(PROVIDED DATA Opens)
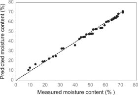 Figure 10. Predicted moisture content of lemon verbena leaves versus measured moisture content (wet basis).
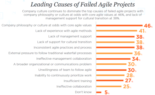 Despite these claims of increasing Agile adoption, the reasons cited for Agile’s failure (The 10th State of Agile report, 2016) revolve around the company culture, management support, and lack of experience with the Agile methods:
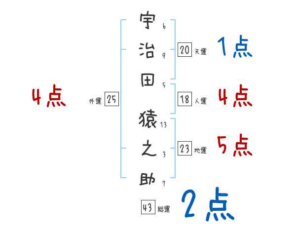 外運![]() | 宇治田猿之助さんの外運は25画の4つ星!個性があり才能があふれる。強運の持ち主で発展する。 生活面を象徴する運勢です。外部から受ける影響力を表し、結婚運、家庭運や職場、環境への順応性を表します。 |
(PROVIDED DATA Closes)
Print every line of the data exactly. Pictures do not belong in the copy.

 Figure 10. Predicted moisture content of lemon verbena leaves versus measured moisture content (wet basis).
 Despite these claims of increasing Agile adoption, the reasons cited for Agile’s failure (The 10th State of Agile report, 2016) revolve around the company culture, management support, and lack of experience with the Agile methods:
 外運![]() | 宇治田猿之助さんの外運は25画の4つ星!個性があり才能があふれる。強運の持ち主で発展する。 生活面を象徴する運勢です。外部から受ける影響力を表し、結婚運、家庭運や職場、環境への順応性を表します。 |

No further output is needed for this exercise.